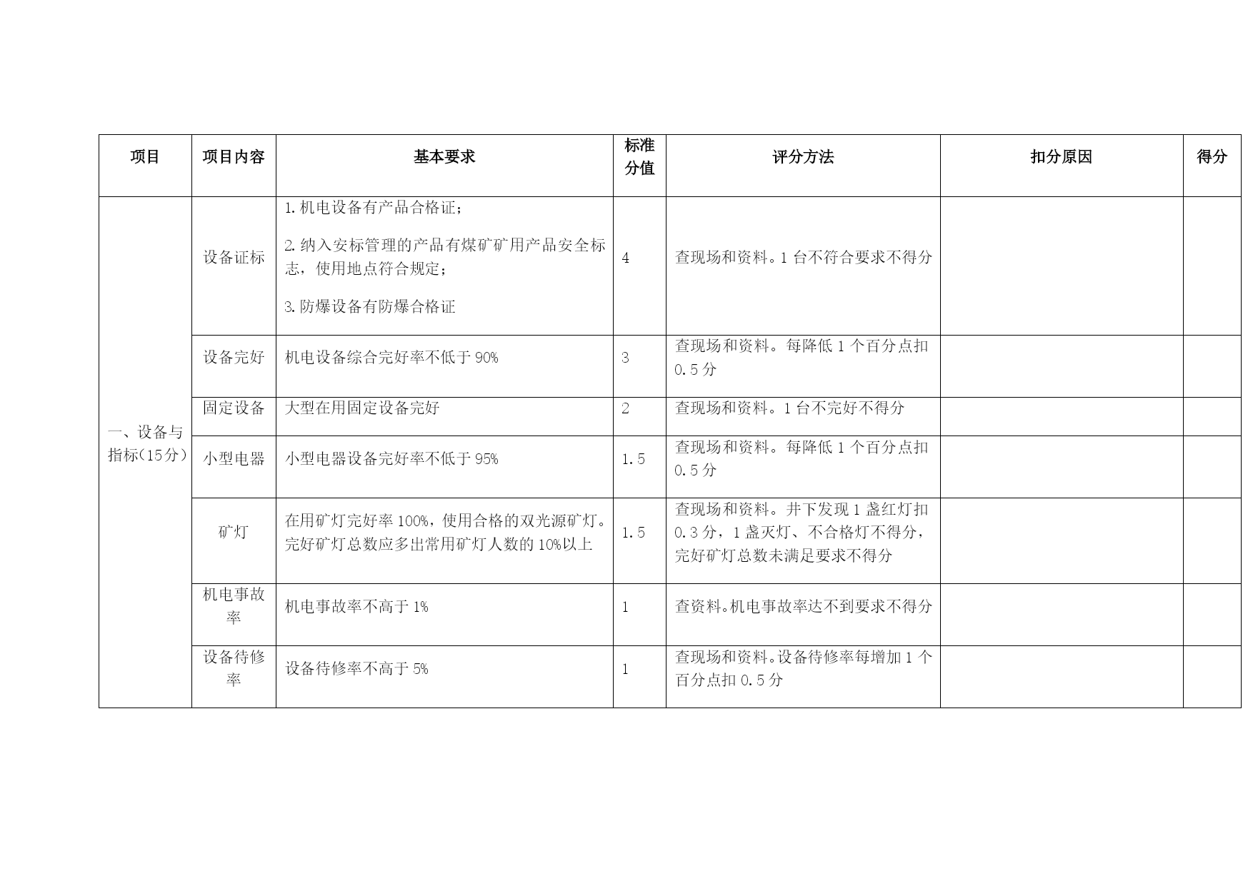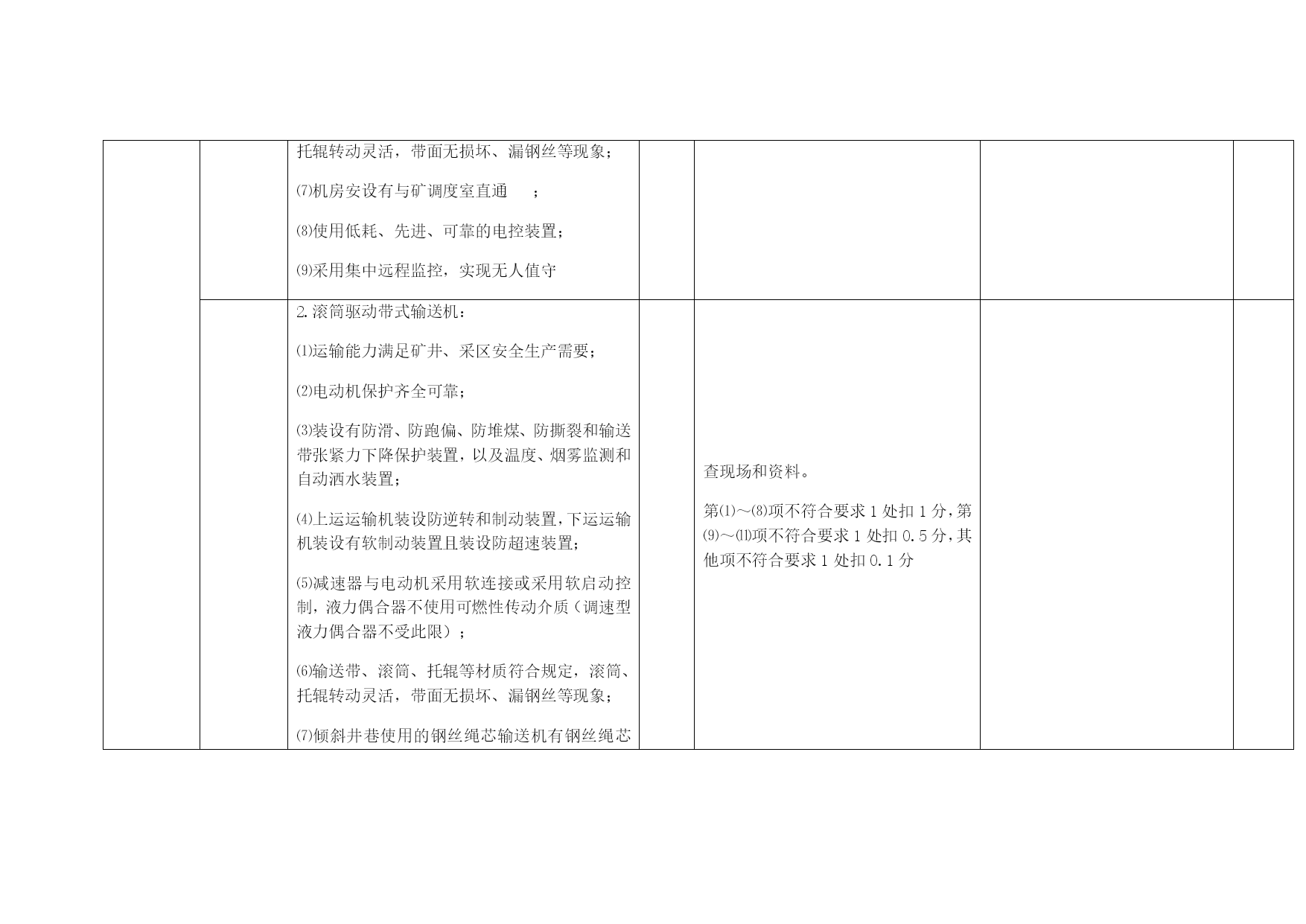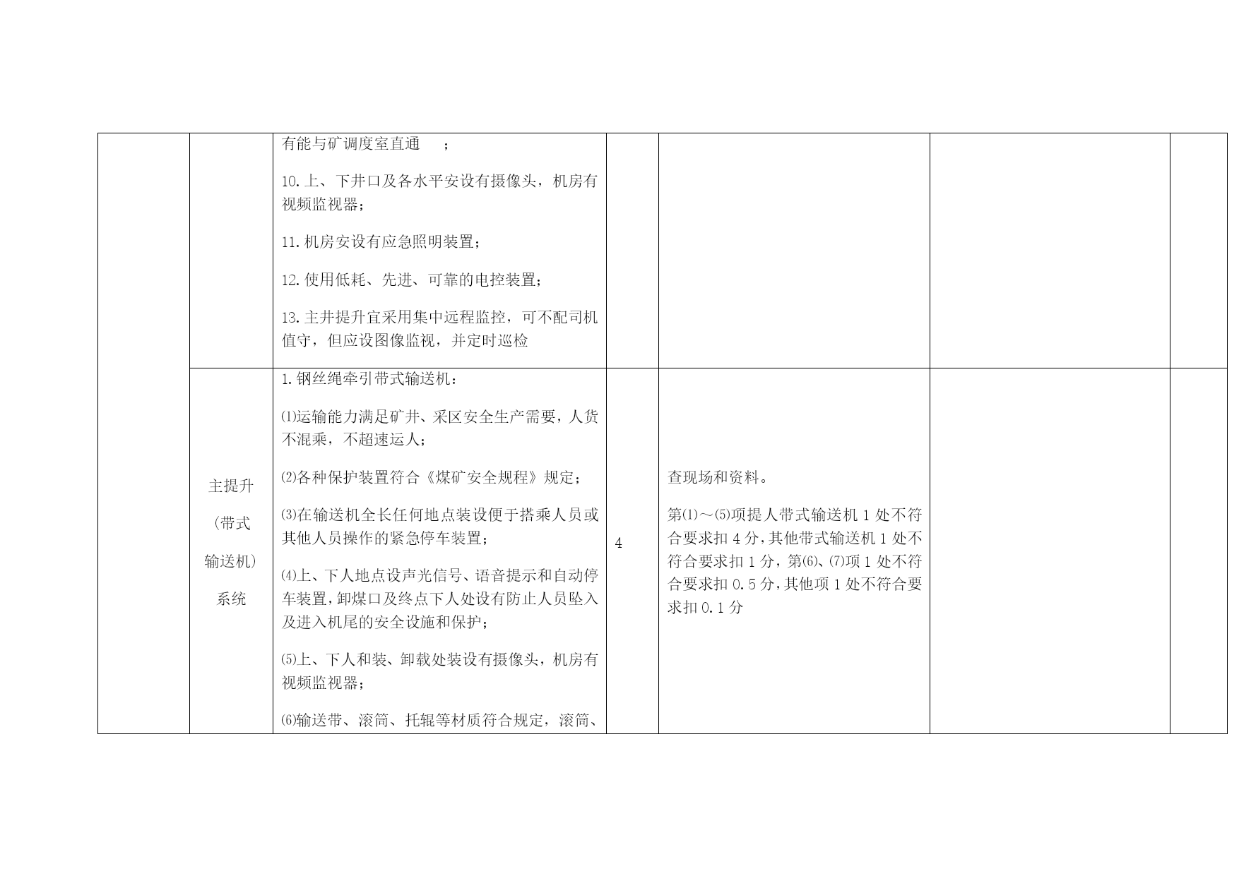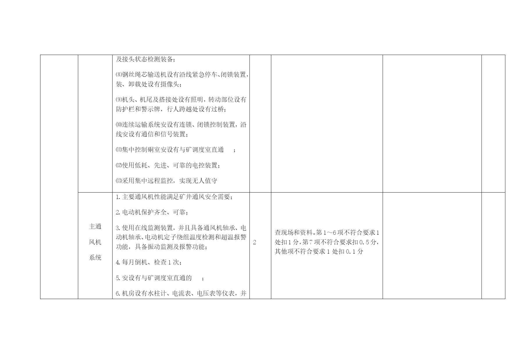 机电运输安全生产标准化验收评分表最新文档(可以直接使用,可编辑最新文档,欢迎下载)煤矿机电安全生产标准化评分表检查单位:专业得分:评定等级:检查时间:检查人:项目项目内容基本要求标准分值评分方法扣分原因得分一、设备与指标(15分)设备证标1.机电设备有产品合格证;2.纳入安标管理的产品有煤矿矿用产品安全标志,使用地点符合规定;3.防爆设备有防爆合格证4查现场和资料。1台不符合要求不得分设备完好机电设备综合完好率不低于90%3查现场和资料。每降低1个百分点扣0.5分固定设备大型在用固定设备完好2查现场和资料。1台不完好不得分小型电器小型电器设备完好率不低于95%1.5查现场和资料。每降低1个百分点扣0.5分矿灯在用矿灯完好率100%,使用合格的双光源矿灯。完好矿灯总数应多出常用矿灯人数的10%以上1.5查现场和资料。井下发现1盏红灯扣0.3分,1盏灭灯、不合格灯不得分,完好矿灯总数未满足要求不得分机电事故率机电事故率不高于1%1查资料。机电事故率达不到要求不得分设备待修率设备待修率不高于5%1查现场和资料。设备待修率每增加1个百分点扣0.5分设备大修改造设备更新改造按计划执行,设备大修计划应完成90%以上1查资料。无更新改造年度计划或未完成不得分;无大修计划或计划完成率全年低于90%,上半年低于30%不得分二、煤矿机械(20分)主提升(立斜井绞车)系统1.提升系统能力满足矿井安全生产需要;2.各种安全保护装置符合《煤矿安全规程》规定;3.立井提升装置的过卷过放、提升容器和载荷等符合《煤矿安全规程》规定;4.提升装置、连接装置及提升钢丝绳符合《煤矿安全规程》规定;5.制动装置可靠,副井及负力提升的系统使用可靠的电气制动;6.立井井口及各水平阻车器、安全门、摇台等与提升信号闭锁;7.提升速度大于3m/s的立井提升系统内,安设有防撞梁和缓冲托罐装置;单绳缠绕式双滚筒绞车安设有地锁和离合器闭锁;8.斜井提升制动减速度达不到要求时应设二级制动装置;9.提升系统通信、信号装置完善,主副井绞车房有能与矿调度室直通;10.上、下井口及各水平安设有摄像头,机房有视频监视器;11.机房安设有应急照明装置;12.使用低耗、先进、可靠的电控装置;13.主井提升宜采用集中远程监控,可不配司机值守,但应设图像监视,并定时巡检5查现场和资料。第1~9项提人绞车1处不符合要求“煤矿机械”大项不得分,其他绞车不符合要求1处扣1分,第10、11项不符合要求1处扣0.5分,其他项不符合要求1处扣0.1分主提升(带式输送机)系统1.钢丝绳牵引带式输送机:⑴运输能力满足矿井、采区安全生产需要,人货不混乘,不超速运人;⑵各种保护装置符合《煤矿安全规程》规定;⑶在输送机全长任何地点装设便于搭乘人员或其他人员操作的紧急停车装置;⑷上、下人地点设声光信号、语音提示和自动停车装置,卸煤口及终点下人处设有防止人员坠入及进入机尾的安全设施和保护;⑸上、下人和装、卸载处装设有摄像头,机房有视频监视器;⑹输送带、滚筒、托辊等材质符合规定,滚筒、托辊转动灵活,带面无损坏、漏钢丝等现象;⑺机房安设有与矿调度室直通;⑻使用低耗、先进、可靠的电控装置;⑼采用集中远程监控,实现无人值守4查现场和资料。第⑴~⑸项提人带式输送机1处不符合要求扣4分,其他带式输送机1处不符合要求扣1分,第⑹、⑺项1处不符合要求扣0.5分,其他项1处不符合要求扣0.1分2.滚筒驱动带式输送机:⑴运输能力满足矿井、采区安全生产需要;⑵电动机保护齐全可靠;⑶装设有防滑、防跑偏、防堆煤、防撕裂和输送带张紧力下降保护装置,以及温度、烟雾监测和自动洒水装置;⑷上运运输机装设防逆转和制动装置,下运运输机装设有软制动装置且装设防超速装置;⑸减速器与电动机采用软连接或采用软启动控制,液力偶合器不使用可燃性传动介质(调速型液力偶合器不受此限);⑹输送带、滚筒、托辊等材质符合规定,滚筒、托辊转动灵活,带面无损坏、漏钢丝等现象;⑺倾斜井巷使用的钢丝绳芯输送机有钢丝绳芯及接头状态检测装备;⑻钢丝绳芯输送机设有沿线紧急停车、闭锁装置,装、卸载处设有摄像头;⑼机头、机尾及搭接处设有照明,转动部位设有防护栏和警示牌,行人跨越处设有过桥;⑽连续运输系统安设有连锁、闭锁控制装置,沿线安设有通信和信号装置;⑾集中控制硐室安设有与矿调度室直通;⑿使用低耗、先进、可靠的电控装置;⒀采用集中远程监控,实现无人值守查现场和资料。第⑴~⑻项不符合要求1处扣1分,第⑼~⑾项不符合要求1处扣0.5分,其他项不符合要求1处扣0.1分主通风机系统1.主要通风机性能满足矿井通风安全需要;2.电动机保护齐全、可靠;3.使用在线监测装置,并且具备通风机轴承、电动机轴承、电动机定
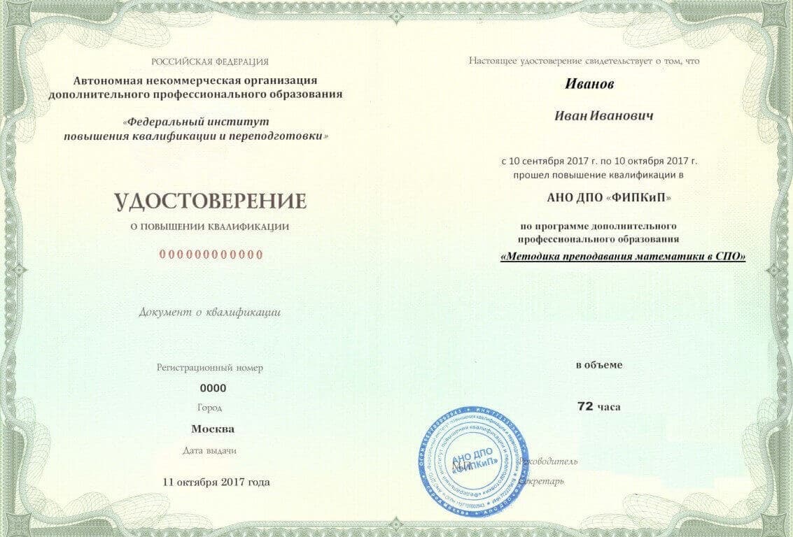 Удостоверение о повышении квалификации, дающее право на ведение профессиональной деятельности в избранной сфере.
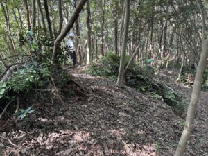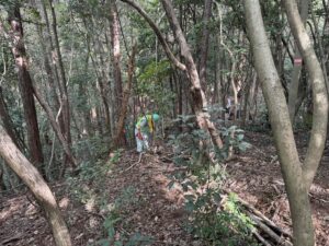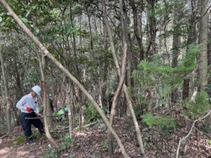 この日は、20分程山を登った先の山道周辺の斜面の間伐を行いました。
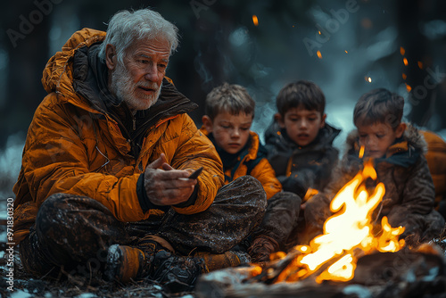 A grandfather telling stories around a campfire, with his grandchildren gathered around listening intently. Concept of storytelling and bonding.
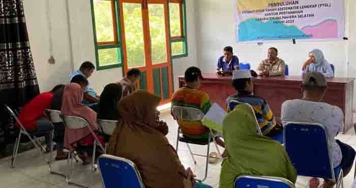 LABUHA – Kantor Pertanahan (Kantah) Kabupaten Halmahera Selatan (Halsel) melakukan Penyuluhan Pendaftaran Tanah Sistematis Lengkap (PTSL) Tahun 2023 di 2 Kecamatan Pulau Kasiruta.
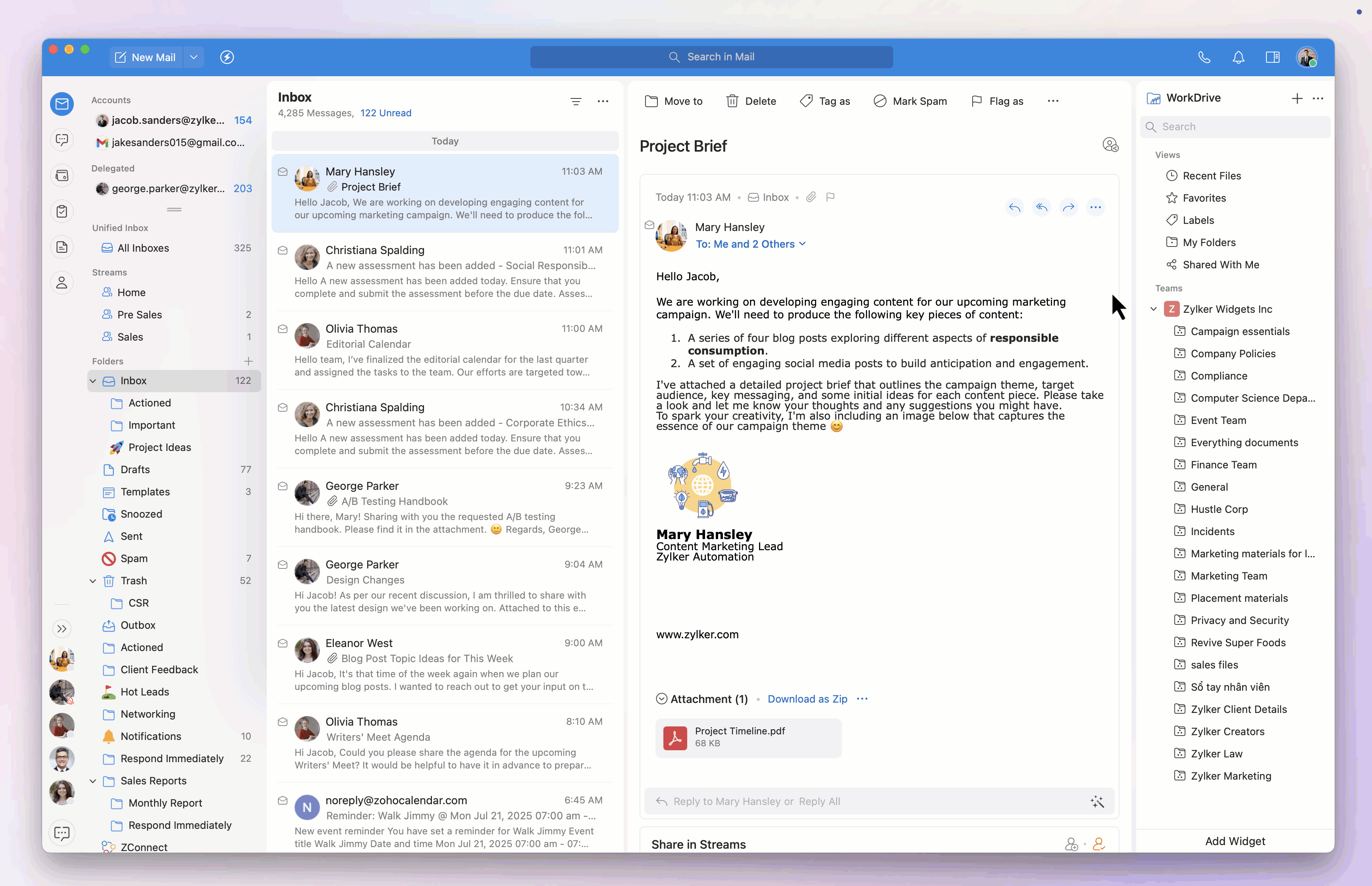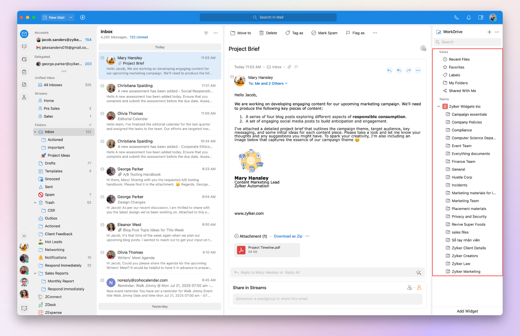 You can preview, download, and print file formats such as PNG and PDF from the WorkDrive widget.

• • • • • • •

TASK ITEM -
Leave every image out when you return the material above word for word.

RESPONSE AREA -
 机电运输安全生产标准化验收评分表最新文档(可以直接使用,可编辑最新文档,欢迎下载)煤矿机电安全生产标准化评分表检查单位:专业得分:评定等级:检查时间:检查人:项目项目内容基本要求标准分值评分方法扣分原因得分一、设备与指标(15分)设备证标1.机电设备有产品合格证;2.纳入安标管理的产品有煤矿矿用产品安全标志,使用地点符合规定;3.防爆设备有防爆合格证4查现场和资料。1台不符合要求不得分设备完好机电设备综合完好率不低于90%3查现场和资料。每降低1个百分点扣0.5分固定设备大型在用固定设备完好2查现场和资料。1台不完好不得分小型电器小型电器设备完好率不低于95%1.5查现场和资料。每降低1个百分点扣0.5分矿灯在用矿灯完好率100%,使用合格的双光源矿灯。完好矿灯总数应多出常用矿灯人数的10%以上1.5查现场和资料。井下发现1盏红灯扣0.3分,1盏灭灯、不合格灯不得分,完好矿灯总数未满足要求不得分机电事故率机电事故率不高于1%1查资料。机电事故率达不到要求不得分设备待修率设备待修率不高于5%1查现场和资料。设备待修率每增加1个百分点扣0.5分设备大修改造设备更新改造按计划执行,设备大修计划应完成90%以上1查资料。无更新改造年度计划或未完成不得分;无大修计划或计划完成率全年低于90%,上半年低于30%不得分二、煤矿机械(20分)主提升(立斜井绞车)系统1.提升系统能力满足矿井安全生产需要;2.各种安全保护装置符合《煤矿安全规程》规定;3.立井提升装置的过卷过放、提升容器和载荷等符合《煤矿安全规程》规定;4.提升装置、连接装置及提升钢丝绳符合《煤矿安全规程》规定;5.制动装置可靠,副井及负力提升的系统使用可靠的电气制动;6.立井井口及各水平阻车器、安全门、摇台等与提升信号闭锁;7.提升速度大于3m/s的立井提升系统内,安设有防撞梁和缓冲托罐装置;单绳缠绕式双滚筒绞车安设有地锁和离合器闭锁;8.斜井提升制动减速度达不到要求时应设二级制动装置;9.提升系统通信、信号装置完善,主副井绞车房有能与矿调度室直通;10.上、下井口及各水平安设有摄像头,机房有视频监视器;11.机房安设有应急照明装置;12.使用低耗、先进、可靠的电控装置;13.主井提升宜采用集中远程监控,可不配司机值守,但应设图像监视,并定时巡检5查现场和资料。第1~9项提人绞车1处不符合要求“煤矿机械”大项不得分,其他绞车不符合要求1处扣1分,第10、11项不符合要求1处扣0.5分,其他项不符合要求1处扣0.1分主提升(带式输送机)系统1.钢丝绳牵引带式输送机:⑴运输能力满足矿井、采区安全生产需要,人货不混乘,不超速运人;⑵各种保护装置符合《煤矿安全规程》规定;⑶在输送机全长任何地点装设便于搭乘人员或其他人员操作的紧急停车装置;⑷上、下人地点设声光信号、语音提示和自动停车装置,卸煤口及终点下人处设有防止人员坠入及进入机尾的安全设施和保护;⑸上、下人和装、卸载处装设有摄像头,机房有视频监视器;⑹输送带、滚筒、托辊等材质符合规定,滚筒、托辊转动灵活,带面无损坏、漏钢丝等现象;⑺机房安设有与矿调度室直通;⑻使用低耗、先进、可靠的电控装置;⑼采用集中远程监控,实现无人值守4查现场和资料。第⑴~⑸项提人带式输送机1处不符合要求扣4分,其他带式输送机1处不符合要求扣1分,第⑹、⑺项1处不符合要求扣0.5分,其他项1处不符合要求扣0.1分2.滚筒驱动带式输送机:⑴运输能力满足矿井、采区安全生产需要;⑵电动机保护齐全可靠;⑶装设有防滑、防跑偏、防堆煤、防撕裂和输送带张紧力下降保护装置,以及温度、烟雾监测和自动洒水装置;⑷上运运输机装设防逆转和制动装置,下运运输机装设有软制动装置且装设防超速装置;⑸减速器与电动机采用软连接或采用软启动控制,液力偶合器不使用可燃性传动介质(调速型液力偶合器不受此限);⑹输送带、滚筒、托辊等材质符合规定,滚筒、托辊转动灵活,带面无损坏、漏钢丝等现象;⑺倾斜井巷使用的钢丝绳芯输送机有钢丝绳芯及接头状态检测装备;⑻钢丝绳芯输送机设有沿线紧急停车、闭锁装置,装、卸载处设有摄像头;⑼机头、机尾及搭接处设有照明,转动部位设有防护栏和警示牌,行人跨越处设有过桥;⑽连续运输系统安设有连锁、闭锁控制装置,沿线安设有通信和信号装置;⑾集中控制硐室安设有与矿调度室直通;⑿使用低耗、先进、可靠的电控装置;⒀采用集中远程监控,实现无人值守查现场和资料。第⑴~⑻项不符合要求1处扣1分,第⑼~⑾项不符合要求1处扣0.5分,其他项不符合要求1处扣0.1分主通风机系统1.主要通风机性能满足矿井通风安全需要;2.电动机保护齐全、可靠;3.使用在线监测装置,并且具备通风机轴承、电动机轴承、电动机定
 Удостоверение о повышении квалификации, дающее право на ведение профессиональной деятельности в избранной сфере.
 この日は、20分程山を登った先の山道周辺の斜面の間伐を行いました。
 A grandfather telling stories around a campfire, with his grandchildren gathered around listening intently. Concept of storytelling and bonding.
 LABUHA – Kantor Pertanahan (Kantah) Kabupaten Halmahera Selatan (Halsel) melakukan Penyuluhan Pendaftaran Tanah Sistematis Lengkap (PTSL) Tahun 2023 di 2 Kecamatan Pulau Kasiruta.
 You can preview, download, and print file formats such as PNG and PDF from the WorkDrive widget.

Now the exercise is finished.